Mobile : les plaintes ont grimpé de 37% en 2016, SFR est jugé coupable, Free se porte bien

Mobile : les plaintes ont grimpé de 37% en 2016, SFR est jugé coupable, Free se porte bien

Comme chaque année, l’AFUTT soit l’Association française des utilisateurs des télécoms rend public son observatoire des plaintes et insatisfactions. Pour cette édition 2016, le premier fait majeur à souligner dans un contexte de croissance du parc actif « des mobiles » de 1,3% (+59% sur la 4G) est l’augmentation de 37% du volume des plaintes reçues dans le secteur "mobile". Deuxième constat, leur forte concentration chez un opérateur, SFR.

En effet, plus de la moitié des plaintes sont émises par les clients de l’ensemble SFR, RED by SFR. Fait majeur, le taux de plaintes de l’opérateur ne cesse de progresser (+ 12 pts) atteignant les 51,1% en 2016 soit plus que tous les autres opérateurs mobiles réunis. Celui de Bouygues augmente de 1,7 point et celui de Free (10,7 %) et d’Orange (12,8 %) baisse respectivement de 1,7 et 8,2 points.

Ainsi, "l’évolution des taux de plaintes dans ce contexte de croissance élevée en volume est fort différenciée d’un opérateur à l’autre.
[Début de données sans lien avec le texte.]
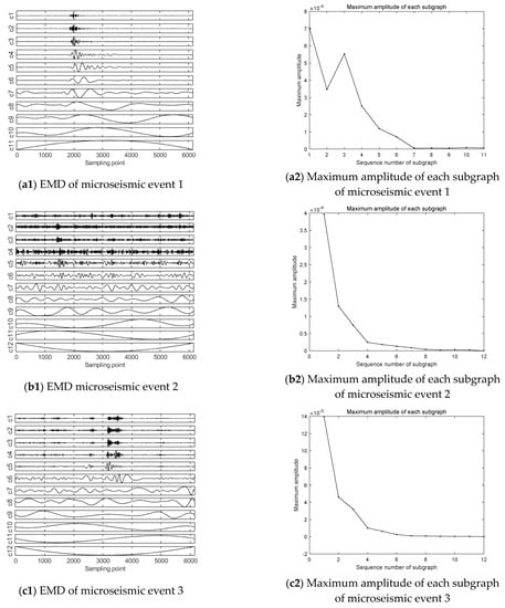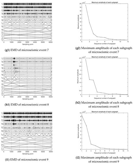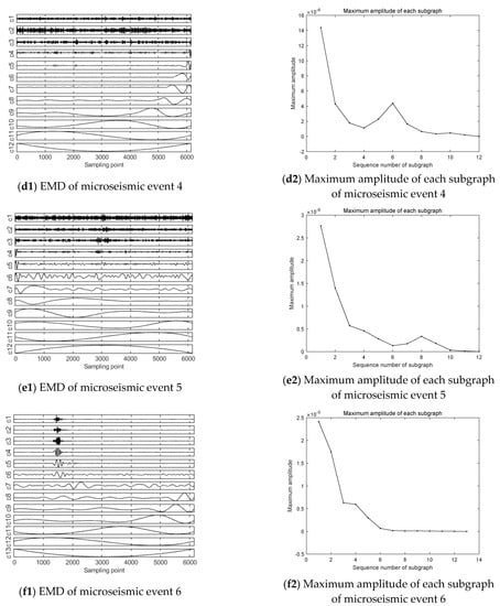 In addition to the difference in maximum amplitude in the subgraph, the IMF components of each microseismic event were compared in the EMD plots, it can be seen that among the IMF components from 1 to 7, the waveform in event 1 is relatively gentle with small amplitude in the early sampling period, and the amplitude increases between 1800 and 4000 sampling points in the middle period, and obvious waveform appears. After 4000 sampling points, the waveform flattens out again. However, for the 8–12 IMF components, the complete waveform start–end period was not recorded in these components during the sampling time, and the difference was relatively rare in the sampling time due to the low frequency, so this paper will not discuss it.

Pour une comparaison plus pertinente des opérateurs, les volumes de plaintes sont rapportés aux parcs d’abonnés respectifs des opérateurs en vue de calculer l’indice de conflictualité." (voir plus bas)

 

TOP 5 des plaintes

Constat avéré, 58% des plaintes se concentrent sur 5 litiges majeurs. Les utilisateurs ont connu en 2016 les mêmes principaux types de problèmes qu’en 2015 mais l’item « interventions SAV » en léger recul (-14%) sort du top 5 pour laisser la place à « recouvrement-contentieux ». La facturation, avec près de 22% des plaintes, reste le point délicat du secteur « mobile », pour cause de complexité des offres et de tarification. Les changements de tarifs imposé en cours de contrat ou les promotions commerciales ambiguës ne participent pas à la clarification. Mais ce que ce classement ne montre pas , c’est la forte croissance des ventes dissimulées en progression de 60 % . De plus, « l’évolution des usages data, mal maîtrisés en terme de coût, les restrictions de l’illimité encore mal comprises de même que la frontière « forfait/ hors forfait » alimentent de nombreux conflits. »

L’AFFUT appuie aussi là où ça fait mal, dénonçant le fait que « les conflits surviennent quand la possibilité de quitter son opérateur sans frais (ou avec les frais prévus) est contestée (35% des cas) : non respect de la loi Chatel, contestation du défaut de service, contestation des pièces justificatives des motifs de résiliation sans frais etc. Ils proviennent aussi, conséquence de processus mal contrôlés, d’une non prise en compte de la demande de résiliation dont la conséquence est la poursuite de la facturation (30% ces cas)."

Enfin, la qualité de service n’est pas en reste d’après l’observatoire : « Avec l’évolution des usages, la quasi nécessité d’être connecté à chaque instant, l’attente des utilisateurs se calquent sur des promesses marketing les plus avantageuses. Ces dernières peuvent être incomprises ou se révéler optimistes. De nombreuses désillusions surviennent entre la réalité de la couverture et celle annoncée par les cartes de couverture. Elles se rapportent pour 71% à un défaut de couverture. »

L’indice de conflictualité 

Pour plus de précision et défini par l’AFFUT, l’indice de conflictualité d’un opérateur mobile est le quotient de taux de plaintes que les clients de cet opérateur génèrent par le taux de parc de clients que cet opérateur gère. Par construction l’indice du secteur est égal à « 1 ». Le calcul de l’indice 2016 se base sur les déclarations des opérateurs et des publications de l’Arcep. Un opérateur présentant un indice supérieur à « 1 », engendre donc plus de plaintes et d’insatisfactions que le secteur pris dans son ensemble. C’est très nettement le cas de SFR alors que tous les autres opérateurs bénéficient d’une amélioration, notamment Free et Orange, ce qui vient une nouvelle fois confirmer les chiffres de la répartition des plaintes « mobiles ».

A noter que l’Observatoire est bâti sur une typologie de plaintes ou insatisfactions très précise et enregistre les commentaires circonstanciés que les consommateurs plaignants souhaitent apporter.Les plaintes ou insatisfactions reçues à l’AFUTT proviennent essentiellement d’utilisateurs n’ayant pas reçu du service client (voire du service consommateur) de leur opérateur une réponse satisfaisante. L’Observatoire de l’AFUTT est donc à la fois un indicateur du niveau de mécontentement des utilisateurs et un révélateur de l’efficacité du traitement des réclamations par les prestataires.